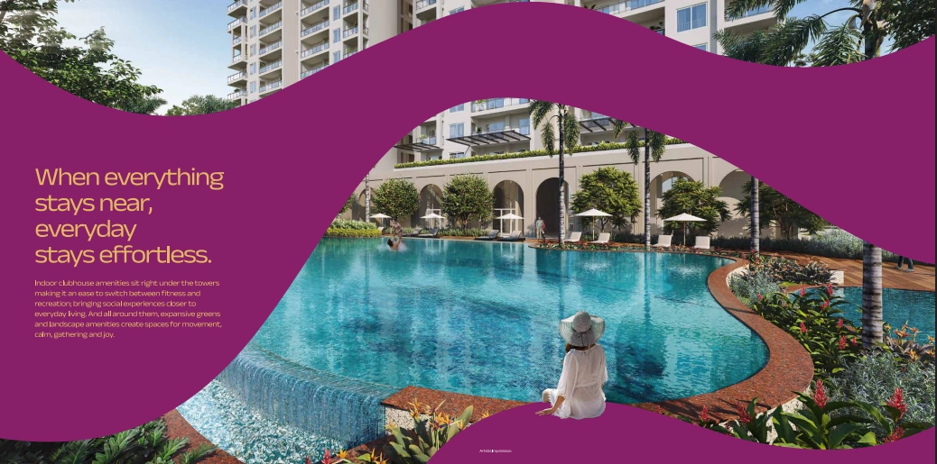 Amenities are among the strongest in this segment, with 40+ lifestyle features, including an infinity-edge swimming pool, gym, spa, co-working lounge, indoor sports courts, kids’ zones, jogging tracks, celebration lawns, and serene green pockets. Wellness-focused spaces like yoga decks, Jacuzzis, and landscaped courtyards help create a calm and balanced environment.
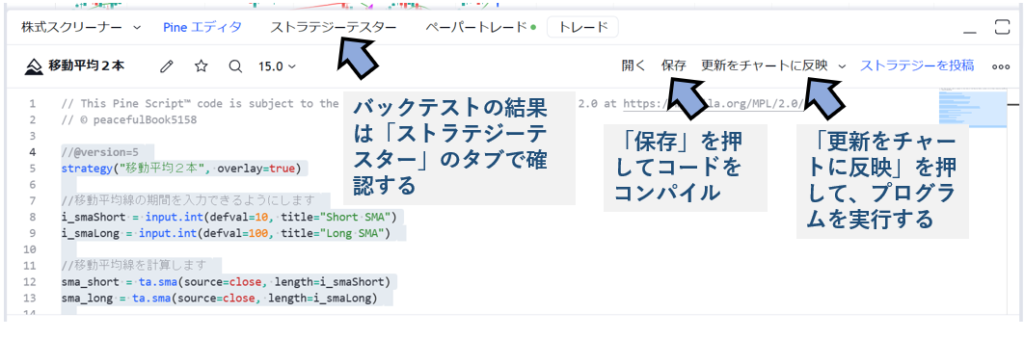 「チャートに追加」または「更新をチャートに反映」を押すと、チャートに上記コードが反映され、バックテストが実行されます。
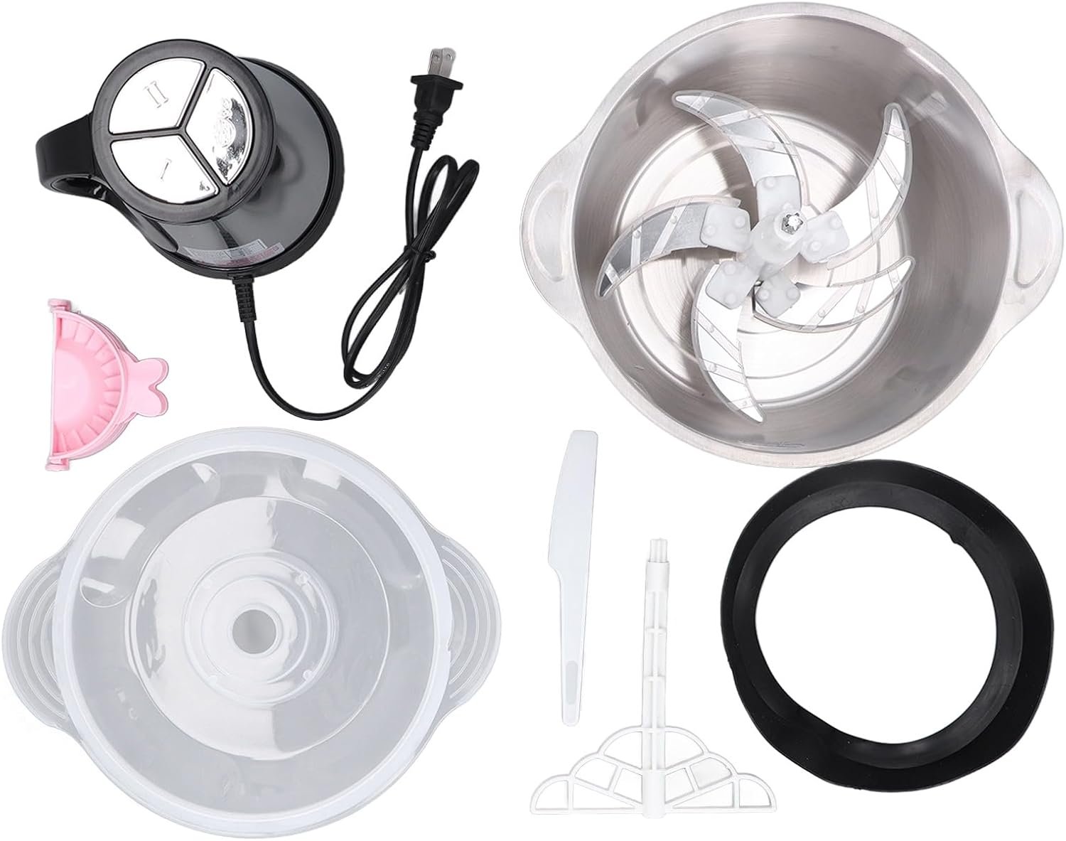 Stainless Steel Food Processor with 4L Large Capacity, 5 Blades, Electric Chopper for Meat Vegetable US Plug 110V, High Efficiency, Material
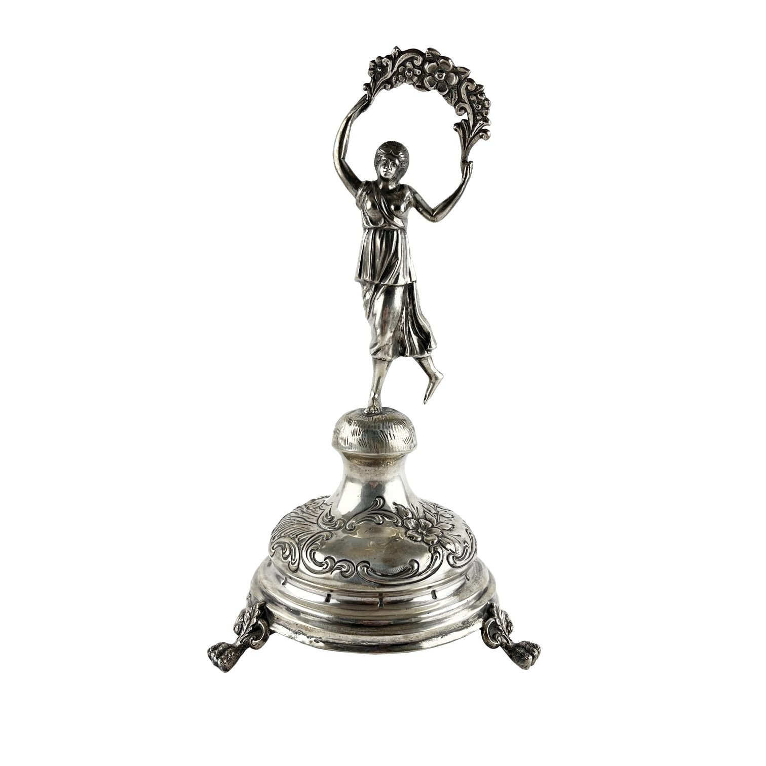 Palitero portugués en plata esculturado «dama con flores». Base redonda. Alto 27 cm.
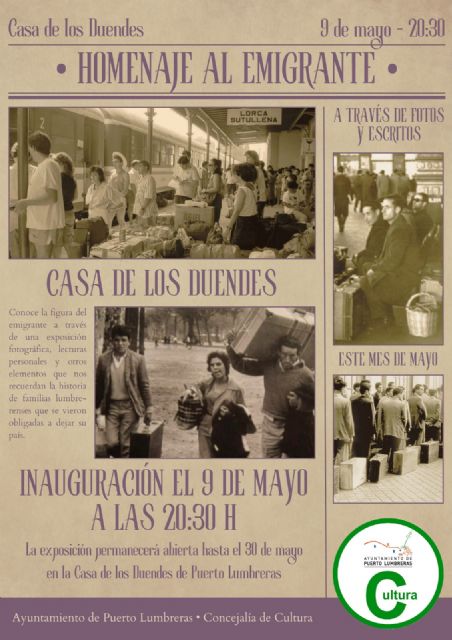 Navarro ha explicado que "este viernes, 9 de mayo, a las 20:30 horas, tendrá lugar la inauguración de la exposición 'Homenaje al Emigrante'. Una muestra que estará abierta hasta el 30 de mayo en la Casa de los Duendes".
───
● **WHAT IS REQUIRED**:
Return only the lines from the one that contains "Palitero portugués en" through the closing line of the data, inclusive, reproduced exactly and with every picture left out.

● **YOUR RESPONSE**:
 Palitero portugués en plata esculturado «dama con flores». Base redonda. Alto 27 cm.
 Navarro ha explicado que "este viernes, 9 de mayo, a las 20:30 horas, tendrá lugar la inauguración de la exposición 'Homenaje al Emigrante'. Una muestra que estará abierta hasta el 30 de mayo en la Casa de los Duendes".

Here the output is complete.